- _Your assignment_
Copy out only the lines running from the one that contains "1月23日,在bioRxiv预印版平台上,石正丽团队发表了一篇题为《Discovery of a" through the end of the listing. Pictures stay out.

- _Data block_
= Beginning of Section =

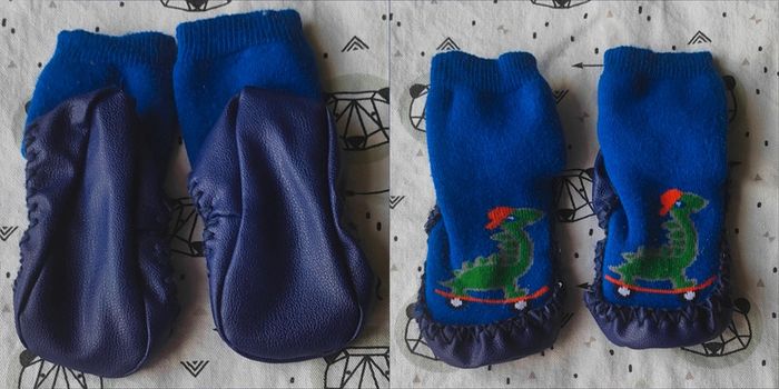 Chausson bleu marine avec dessin d'un dinosaure en très bon état sans marque pour bébé taille 0/6 mois #neezia33240chaussongarçon0_6mois
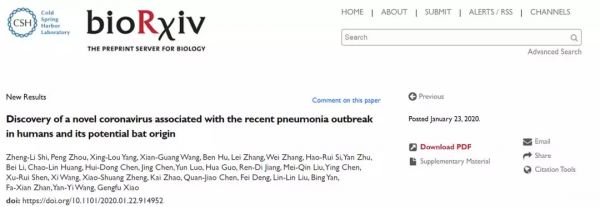 1月23日,在bioRxiv预印版平台上,石正丽团队发表了一篇题为《Discovery of a novel coronavirus associated with the recent pneumonia outbreak in humans and its potential bat origin》的文章。
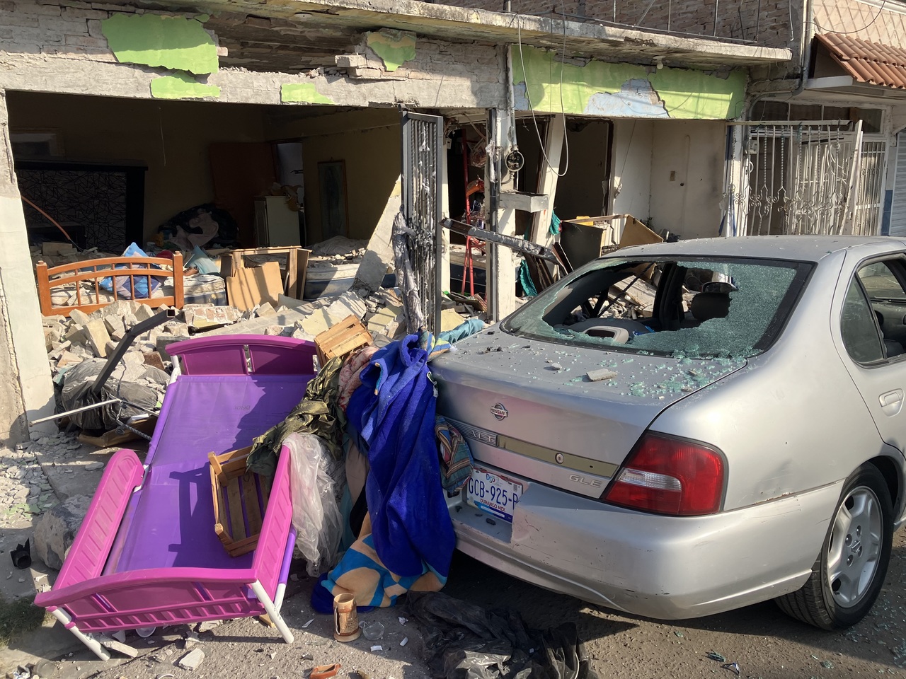 Un automóvil que se encontraba estacionado frente al domicilio afectado presentó daños, principalmente la ruptura de cristales, además de afectaciones en fachadas y estructuras cercanas, entre ellas una farmacia.

= End of Section =

- _Solution for this problem_
 1月23日,在bioRxiv预印版平台上,石正丽团队发表了一篇题为《Discovery of a novel coronavirus associated with the recent pneumonia outbreak in humans and its potential bat origin》的文章。
 Un automóvil que se encontraba estacionado frente al domicilio afectado presentó daños, principalmente la ruptura de cristales, además de afectaciones en fachadas y estructuras cercanas, entre ellas una farmacia.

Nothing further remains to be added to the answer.